Frequently Asked Questions

General Questions

What is Funannotate2?

Funannotate2 is a comprehensive eukaryotic genome annotation pipeline that provides a complete workflow for annotating fungal, plant, and other eukaryotic genomes. It integrates various tools and databases to produce high-quality gene predictions and functional annotations.

What types of genomes can Funannotate2 annotate?

Funannotate2 is designed primarily for fungal genomes, but it can also be used to annotate other eukaryotic genomes such as plants, insects, and other organisms. However, the default parameters and databases are optimized for fungal genomes.

What are the system requirements for Funannotate2?

Funannotate2 requires:

Linux or macOS operating system
Python 3.7 or later
At least 8 GB of RAM (16 GB or more recommended for larger genomes)
At least 50 GB of free disk space
Multiple CPU cores (8 or more recommended for faster processing)

Installation Questions

How do I install Funannotate2?

See the Installation page for detailed installation instructions.

Why can’t I install GeneMark-ES through conda?

GeneMark-ES is not available through conda due to licensing restrictions. You need to register and download it manually from the GeneMark website.

Usage Questions

What is the recommended workflow for annotating a genome?

The recommended workflow is:

Clean the genome assembly using funannotate2 clean
Train ab initio prediction tools using funannotate2 train
Predict genes using funannotate2 predict
Functionally annotate the predicted genes using funannotate2 annotate

See the Tutorial for a detailed example.

How can I improve gene prediction accuracy?

To improve gene prediction accuracy:

Use high-quality protein evidence from closely related species
Use transcript evidence from RNA-seq data
Use a species-specific Augustus model
Use the appropriate GeneMark mode (ES for self-training, ET for transcript-guided)
Use a BUSCO database appropriate for your organism

What databases does Funannotate2 use for functional annotation?

Funannotate2 uses the following databases for functional annotation:

Pfam: Protein domain annotations
dbCAN: Carbohydrate-active enzyme annotations
MEROPS: Peptidase annotations
SwissProt: Protein annotations
BUSCO: Benchmarking Universal Single-Copy Orthologs

How can I add custom functional annotations?

You can add custom functional annotations by:

Creating a custom database in the appropriate format (FASTA, HMM, etc.)
Using the appropriate search tool (BLAST, HMMER, etc.) to search your proteins against the custom database
Parsing the search results and adding the annotations to the gene models
Using the Funannotate2 API to integrate the custom annotations into the annotation pipeline

Troubleshooting

Why does GeneMark-ES fail on my genome?

GeneMark-ES may fail for several reasons:

The genome assembly is too fragmented (try filtering out short contigs)
The genome assembly contains too many Ns (try cleaning the genome)
The genome is not from a eukaryotic organism (GeneMark-ES is designed for eukaryotes)
GeneMark-ES is not installed correctly (check the installation)

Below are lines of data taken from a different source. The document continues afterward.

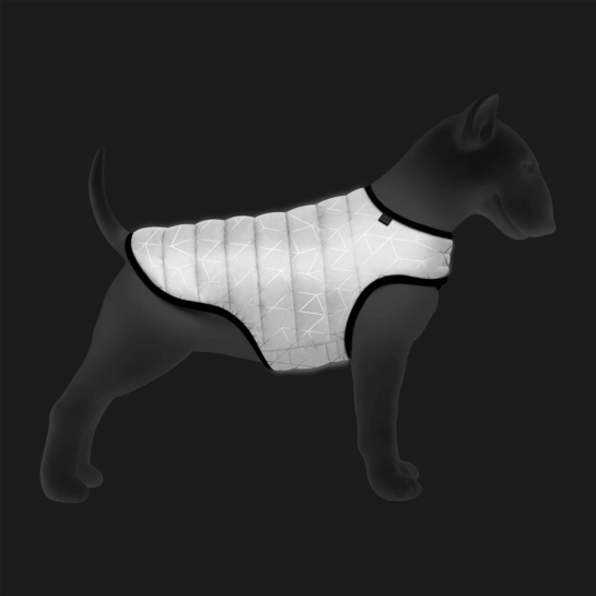 Куртка-накидка м'яка та тепла, легко відкривається та регулюється на липучці. Має стильний дизайн і просто одягається на собаку. Всі зрізи окантовані гумкою зі світловідбиваючою смугою, що підвищує видимість вихованця у темний час доби.
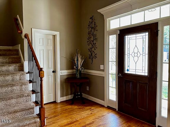 The most beautiful home awaits you. Sellers made many lasting memories here, and now this home is ready for you to make yours. Open floorplan with the perfect balance of spaciousness and separation. Gorgeous hardwoods and exquisite detailed trim. Downstairs Main Suite with dual walk-in shower & soaking tub makes a wonderful retreat after a long day, and there's plenty of room for everyone with additional bedrooms and large bonus rooms upstairs. Play basketball in the driveway and sip sweet tea on the covered front porch. Backyard ideal for outdoor entertaining or your own personal oasis with heated, in-ground, saltwater pool, patio and screened-in back porch. Easy access to Raleigh, the NC Coast and the mountains!
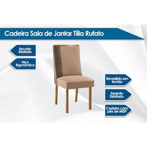 Cadeira Sala de Jantar Tília Kit 2 Un Madeira Capuccino/Linho Capuccino/Corano Capuccino - Rufato
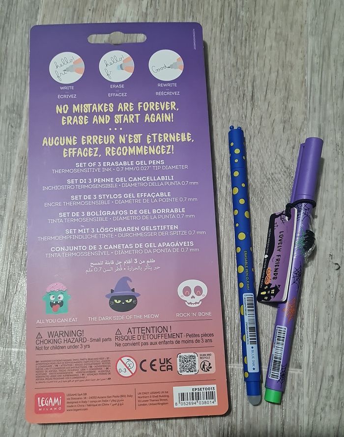 1 Stylo LEGAMI Lovely Friends → Collection HALLOWEEN 2025 : NEUF Araignée 🕷️🕸️"Free Hugs" 1 SET de 3 Stylos LEGAMI effaçables → Collection HALLOWEEN 2025 : NEUFS Chat Noir + Squelette + Zombie 1 Stylo LEGAMI Monstre Neufs Jamais Utilisés Authentiques Collectionneurs : nous avons à vendre (pas encore en ligne) toutes les éditions Legami effaçables qui existent depuis leur création en 2022, nous pourrons composer ensemble votre lot sur mesure adapté à vos besoins 🌞
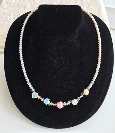 【K18 フラワーガーデン パールネックレス】 ご注文番号 523 27,000円 (+消費税) ※画像にマウスをあてますと、大きなサイズで商品をご覧いただけます。 ・K18金具 引き輪、プレート ・つぶし玉、コイル(ステンレスに金メッキ) ・淡水パール(4㎜×3㎜) ・バラ彫りフラワー (イエローカルサイト、ホワイトシェル、ピンクコモンオパール、アクアマリン、プレナイト)各 約8㎜ ・ホワイトラブラドライト ボタンカット 18石(約4㎜×3㎜) ・ペリドットブリオレット 10石(約2㎜×3㎜) ・K18ドーナッツビーズ 2粒(3㎜) ミラーボールビーズ 4粒(2、5㎜) ・ネックレス全長(金具を含めた長さ) 43㎝ ☆優しいカラーのフラワーモチーフのストーン達と、淡水パールやホワイトラブラドライトやペリドットやK18ビーズをさりげなく入れて 1本のネックレスの中に[バラ園]を表してみました。 フラワーパーツは 手彫りのバラのモチーフです。 黄色はイエローカルサイト、白はホワイトシェル(貝)、ピンクはピンクコモンオパール、ブルーはアクアマリン、グリーンはプレナイトです。 フラワーパーツの両脇には 葉っぱのようにブリオレットカットのペリドットを入れて カラーフラワー(バラ)の間には、バランスがとれるよう ホワイトラブラドライトやK18ビーズの輝く素材をさりげなく配しています。 全体を囲むのは 気品があり優しい印象の淡水パールです。 大人の女性がつけていただいても 可愛くなり過ぎずに素敵にお使いいただけますよ。 シャツ1枚のようなシンプルな装いにも タートルネックのお洋服などにも とても良く合い コーディネートに華を添えてくれます。 |

Why does Augustus fail on my genome?

Augustus may fail for several reasons:

The species model does not exist (try using a different species model)
The species model is not appropriate for your organism (try using a more closely related species)
Augustus is not installed correctly (check the installation)
The genome assembly is too fragmented (try filtering out short contigs)

Why are some of my gene models incomplete?

Gene models may be incomplete for several reasons:

The genome assembly is fragmented, and genes span contig boundaries
The gene prediction tools failed to identify the complete gene structure
The gene is genuinely partial (e.g., pseudogene)

Try using protein and transcript evidence to improve gene model completeness.

How can I report a bug or request a feature?

You can report bugs or request features by opening an issue on the GitHub repository.